ING GROEP N.V. (A3 NEGATIVE)

The two-notch downgrade of ING Groep's long-term senior debt was prompted by the downgrade of ING Bank's long-term senior ratings. The negative outlooks are aligned. ING Groep is the main holding company of the group and parent company of ING Verzekeringen N.V. (Baa2 debt rating) and ING Bank. Going forward, and following management's announcement that it intends to divest the entire insurance operation by the end of 2013, ING Groep will become a pure bank with its ownership limited to ING's banking activities. Therefore, ING Groep's senior and subordinated ratings reflect Moody's standard notching for bank holding companies relative to ING Bank's ratings.

ING BELGIUM SA/NV (A2 NEGATIVE/P-1, C-/baa1, NEGATIVE)

The lowering of ING Belgium's standalone credit assessment to baa1 reflects the strong interdependence of the bank with its parent company due to certain unsecured intra-group exposures. We understand these exposures will be subject to new regulatory limitations capping them at the level of the subsidiary's equity by the end of 2012. Given this concentration risk, we believe there is a convergence between the profile of ING Belgium and that of the group and the subsidiary's standalone credit strength remains aligned with the one of ING Bank. Supporting factors for ING Belgium's standalone credit strength include its solid financial profile as one of the leading commercial banks in Belgium with deeply entrenched franchises. ING Belgium's A2 long-term senior ratings continue to incorporate two notches of systemic uplift from its baa1 standalone credit assessment, reflecting the bank's strong market position in Belgium. The negative outlook on its ratings reflects the negative outlook on all of ING Bank's ratings in the context of the above-mentioned interdependence.

ING DiBa AG (A2 NEGATIVE/P-1, C/a3, NEGATIVE)

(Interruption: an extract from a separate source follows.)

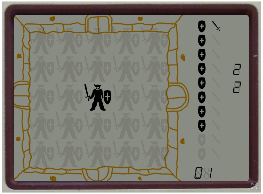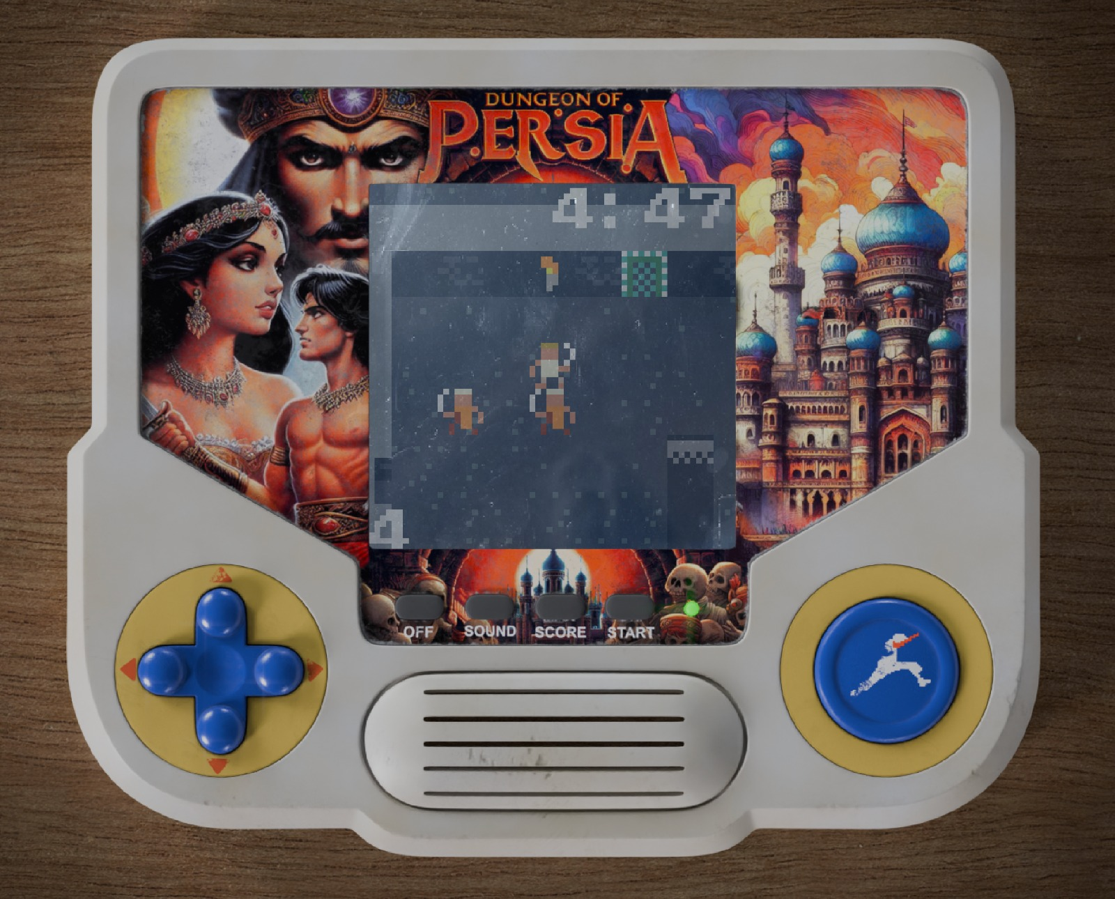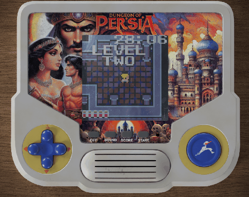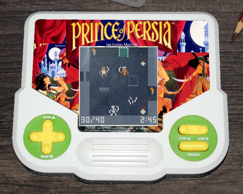 Initially, I envisioned gameplay to be similar to Paladin’s Quest, but with deeper dungeon crawling as allowed by better “hardware” (instead of the very limited simulation of a LCD display, which funnily would have fit more with the Tiger Handheld theme); it was to be much tighter packed, with the prince having to save the princess in 3 minutes, rushing through the dungeon fighting guards, getting potions and weapons, and avoiding traps. Each level would require finding the plate that opened the door to the next level. A lot of it stuck to the very end.
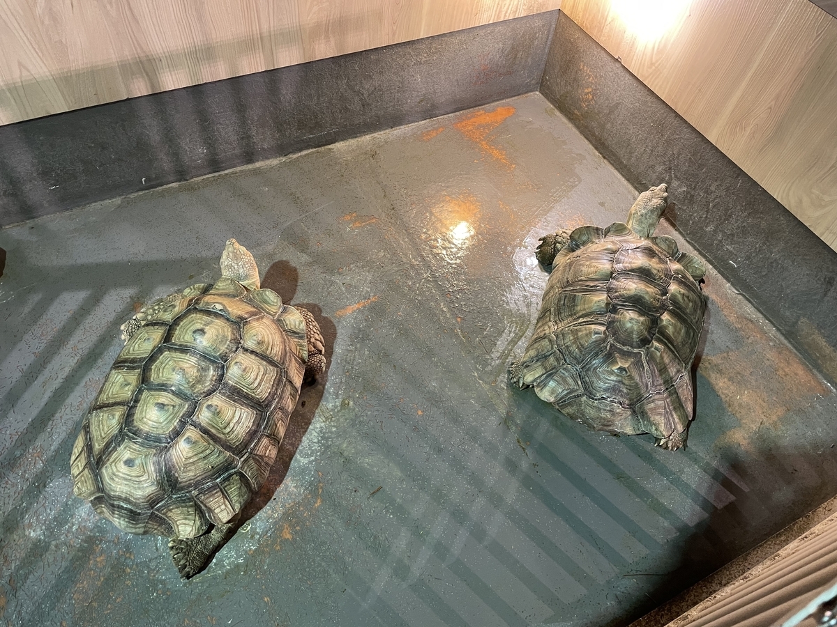 ナマケモノ・リクガメ等の陸に住む生き物を観察できます。リクガメは時間帯によっては餌やり体験も可能です。2歳の息子も「かめさん大きいね〜」と言いながら楽しんでおりました。ただ、リクガメはほぼ動いていませんでした…笑

The one-notch lowering of ING DiBa AG's standalone credit assessment to a3 mostly reflects the current degree of its strategic and operational interdependence with its parent, ING Bank. Whilst Moody's recognises a satisfactory level of ring fencing from risks elsewhere in the ING group, the correlation in the areas of reputation and investor confidence gave reason to position the standalone rating at a level no higher than two notches above that of ING DiBa's parent, as did also the bank's asset profile adjustments in response to the group's funding needs outside Germany. Supporting factors for the a3 standalone credit assessment, which remains at the high end of the German banks' standalone rating universe, include ING DiBa's robust credit and funding profiles in combination with its high loss-absorption capacity from earnings and capital, as reflected in Moody's capital stress tests. The two-notch downgrade of its long-term debt ratings to A2 follows the lowering of its standalone credit strength. The downgrade additionally reflects the weakened support capacity of its parent, ING Bank, at its lower standalone credit assessment of baa1, even though Moody's has not changed its assumptions of ING Bank having a high readiness to support its group members. Also, a high probability of systemic support continues to be factored into the A2 ratings. The outlook on ING DiBa's ratings is negative, reflecting the negative outlook on all of ING Bank's ratings in the context of the above-mentioned interdependence.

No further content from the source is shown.